In February, Downing Street adviser Andrew Sabisky was forced to resign after a media storm created by past comments he had made where he suggested, among other things, intelligence was linked to race and that forced contraception could be used to stop a permanent underclass being created. It’s 2020 and in modern multicultural Britain we literally have a eugenicist being given a job inside our most powerful political office. The scientific and moral grounds upon which eugenics stands have long since been discredited. The blaming of social problems on the genetic makeup of the population is an easy way for the ruling elite to abrogate their responsibility to act on such issues.

This reemergence of a dangerous pseudoscience isn’t something that just happens by chance.  A culture exists within our ruling class which allows this to take place: some people are more important than others. Some should be looked after and some shouldn’t. People in positions of power have come into contact with people in positions of vulnerability and neglected to notice that the vulnerable were still people. Modern discourse means that we notice our differences before we are able to connect over our similarities. Instead of simply being viewed as a human, these people have been viewed as what defines them to many: black, disabled, poor—different. Creating that separation, that “us and them” mindset, is what allowed these situations to take place.

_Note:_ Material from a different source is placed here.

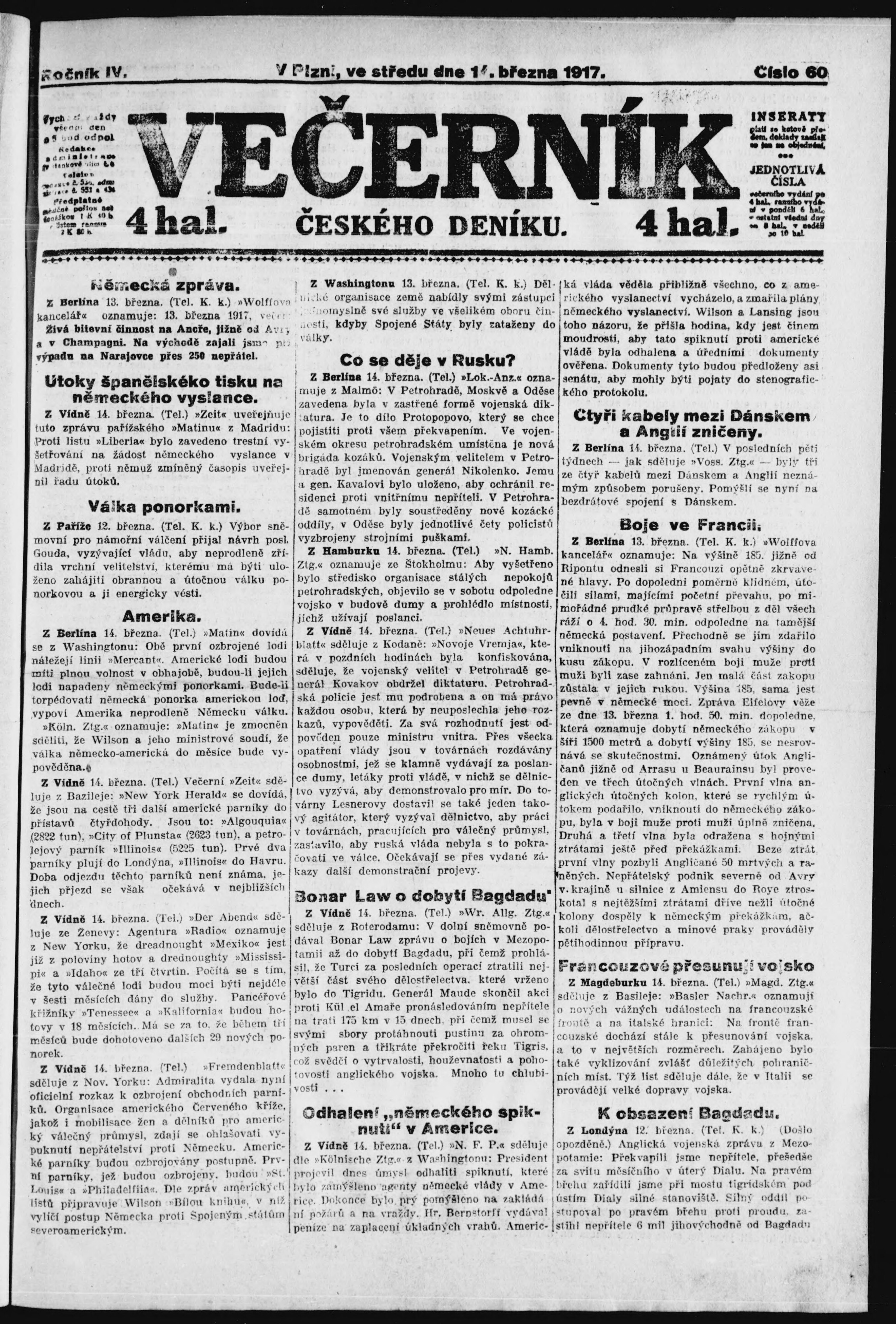* Datum vydání výtisku: 14.3.1917 Číslo výtisku: 60 Poznámky k výtisku: večerní vydání;

Despite Sabisky’s resignation, Dominic Cummings, the chief adviser who hired Sabisky, is still in place and has himself expressed some questionable views on similar topics. Shockingly, but perhaps not all too surprisingly, a spokesperson for Boris Johnson refused to say outright that the PM condemned the views held by Sabisky and even distanced the government from condemnatory remarks made by a minister.

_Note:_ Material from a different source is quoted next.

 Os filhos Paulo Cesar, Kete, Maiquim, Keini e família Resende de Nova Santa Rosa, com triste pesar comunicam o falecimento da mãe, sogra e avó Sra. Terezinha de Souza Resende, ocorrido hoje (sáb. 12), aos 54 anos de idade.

And this, in a strange sense, returns us to Iris Law. Go to her Instagram bio and you’ll find a link to a Vogue online article: “Iris Law’s Guide to the Art of Red Lipstick”. In the introduction the author explains her famous parentage and describes her as “undeniably genetically blessed”. An innocent throwaway remark, sure. But give this a bit of context—have a little think.

Today, in the UK, you can either be genetically blessed (white, rich, famous dad) or not. You are either someone society values and admires (whether you have done anything to deserve this is another matter), or you are not. You can either be someone who has the basic human right to life, or someone who does not. And if you really want to be cared for by modern British society, then do try your hardest not to be disabled, not to be a person of colour, and not to be poor. Because you simply won’t be worth as much.